As for more technical ones, assuming that Have gets any popular, I see it as a Go’s companion that is useful in some situations (e.g. writing generic, zero-cost data structures). Besides that, I wanted to test some ideas that could help write correct code. I use Go daily (and love it), writing code that ranges from video streaming servers to cluster orchestration tools. This means that faulty Go code wakes me up at night during my on-call duty. Guys from the Kubernetes project made a list of Go landmines - and I personally have a beef with each one of them. I tried to either fix or make it easier to steer clear of some of them in Have (which resulted in some more or less controversial changes).

In the long run, it would be great to grow an ecosystem of tools, just like Go, and I hope that the compiler implementation will be modular enough to allow it. And Have will need those tools, even more than Go: source mappers (so that stack traces are readable), code generation automation and caching tools, and so on.

Go has a cute mascot (too), but that’s just disguise - it is a serious project backed by a large corporation. Have is not a serious project, it’s just something I do at night when my wife and kid are asleep.

Syntax

Indentation

The most visible difference from Go is that Have is an indentation based language. It works similarily to Python, instead of { and }, use consistent indentation before every statement in a block (and put : before it). Tabs are preferred, and unfortunately we don’t have a tool like gofmt yet.

Instead of this:

if a() {
    b()
} else {
    c()
}

You should do this:

if a():
    b()
else:
    c()

Variable declaration

I wish this section was as simple as the previous one. It’s not sufficient to just decribe the differences, because variable declaration in Have is not a finished thing yet. I’m aiming at solving some issues that I have personally experienced, so I’ll explain these first.

In Go, it’s a pretty common issue to inadvertently overshadow a variable. Ponder for a while over this snippet:

func SomeFunc(bToo bool) (err error) {
	a, err := A()
	log.Println(a, err)
	if bToo {
		b, err := B()
		log.Println(b, err)
	}
	return
}

Now, will the error returned by SomeFunc(true) come from A() or B()?

From A(), of course, because that’s how := works. It doesn’t declare a new variable if it was already declared, unless it was in a different scope.

For me, it was a big source of bugs when I was beginning to use Go, until I’ve built muscle-memory to avoid it. But still, every new developer who joins our team without prior Go experience has problems with overshadowing. Static analysis tools help, but if something could be fixed in the language directly, why not?

So, the only thing that := does and var doesn’t, is how it treats variables that were already declared (and, to me, does it too inconsistently).

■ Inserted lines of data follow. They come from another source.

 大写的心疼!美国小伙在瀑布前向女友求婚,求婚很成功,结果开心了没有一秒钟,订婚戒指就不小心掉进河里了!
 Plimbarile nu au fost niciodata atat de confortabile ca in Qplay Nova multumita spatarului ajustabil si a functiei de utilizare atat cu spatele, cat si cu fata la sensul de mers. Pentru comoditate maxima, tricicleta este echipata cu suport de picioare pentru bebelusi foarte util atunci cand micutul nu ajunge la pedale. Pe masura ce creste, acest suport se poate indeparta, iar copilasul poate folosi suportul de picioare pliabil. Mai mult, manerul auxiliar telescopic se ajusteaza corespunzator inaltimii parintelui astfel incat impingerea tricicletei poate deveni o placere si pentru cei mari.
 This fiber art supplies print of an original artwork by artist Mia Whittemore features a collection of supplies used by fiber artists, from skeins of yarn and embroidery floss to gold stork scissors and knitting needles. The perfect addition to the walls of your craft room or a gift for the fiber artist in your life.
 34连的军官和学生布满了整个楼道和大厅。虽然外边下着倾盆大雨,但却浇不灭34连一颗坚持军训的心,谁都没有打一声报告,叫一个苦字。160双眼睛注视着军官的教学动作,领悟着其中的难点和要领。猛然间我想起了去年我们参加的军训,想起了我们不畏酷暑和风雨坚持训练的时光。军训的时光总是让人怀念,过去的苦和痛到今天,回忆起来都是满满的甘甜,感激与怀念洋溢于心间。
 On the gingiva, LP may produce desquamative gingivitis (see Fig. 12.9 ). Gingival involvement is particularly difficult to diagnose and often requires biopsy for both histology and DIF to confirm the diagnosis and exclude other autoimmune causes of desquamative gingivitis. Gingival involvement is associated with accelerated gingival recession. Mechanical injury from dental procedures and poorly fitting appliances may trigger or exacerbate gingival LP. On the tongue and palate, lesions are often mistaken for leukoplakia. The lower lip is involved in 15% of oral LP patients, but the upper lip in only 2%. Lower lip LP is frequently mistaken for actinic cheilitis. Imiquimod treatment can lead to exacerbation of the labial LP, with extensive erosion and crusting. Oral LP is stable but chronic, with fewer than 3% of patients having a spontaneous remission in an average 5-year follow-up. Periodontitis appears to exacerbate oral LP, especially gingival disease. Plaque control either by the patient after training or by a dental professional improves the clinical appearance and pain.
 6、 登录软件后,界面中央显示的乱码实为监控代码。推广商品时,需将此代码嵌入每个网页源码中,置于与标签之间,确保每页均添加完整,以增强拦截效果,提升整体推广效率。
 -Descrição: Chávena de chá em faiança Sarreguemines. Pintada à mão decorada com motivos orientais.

That’s something I don’t want, at least in the current form, so there’s no := operator in Have. I like the convenience of := though, so there will be something similar too, I just don’t know what exactly yet - but variable re-use will need to be explicit, that’s for sure.

Okay, so how does the syntax look like? Right now, you should just use var everywhere, even in places where var wasn’t allowed in Go, like this:

if var _, err = a(); err != nil:
    return err

Or this:

for var i = 0; i < n; i++:
    a(i)

There’s another difference. When declaring multiple variables in a single statement, this still works:

var a, b, c = x(), y(), z()

But this is allowed as well:

var a = x(), b = y(), c = z()

Structs

This is a big one. Have takes a more traditional approach, where methods are visually placed within the struct, so instead of this:

type A struct {
    x int
}

func (a A) String() string {
    return fmt.Sprintf("x:%d", a.x)
}

You’d write this:

struct A:
    x int
    func String() string:
        return fmt.Sprintf("x:%d", a.x)

What about pointer receivers? They are there, too. You declare them by putting a * before function name. The method receiver is always referred to as self.

struct A:
    counter int
    func *Inc():
        self.counter++

Go’s way of declaring methods is more flexible when it comes to their placement. It is sometimes useful, for example when you want to group methods that implement an interfce from different structs together. Have will have something similar as well - the plan is to implement something called structure opening, where you’ll be able to open a struct and add methods to it. It’s not ready yet, though.

Interfaces

Interfaces are declared similarily to structs. Just note the func before method names - it’s different than in Go, but it’s there for sake of consistency with struct declarations. Example:

interface Reader:
    func Read(p []byte) (n int, err error)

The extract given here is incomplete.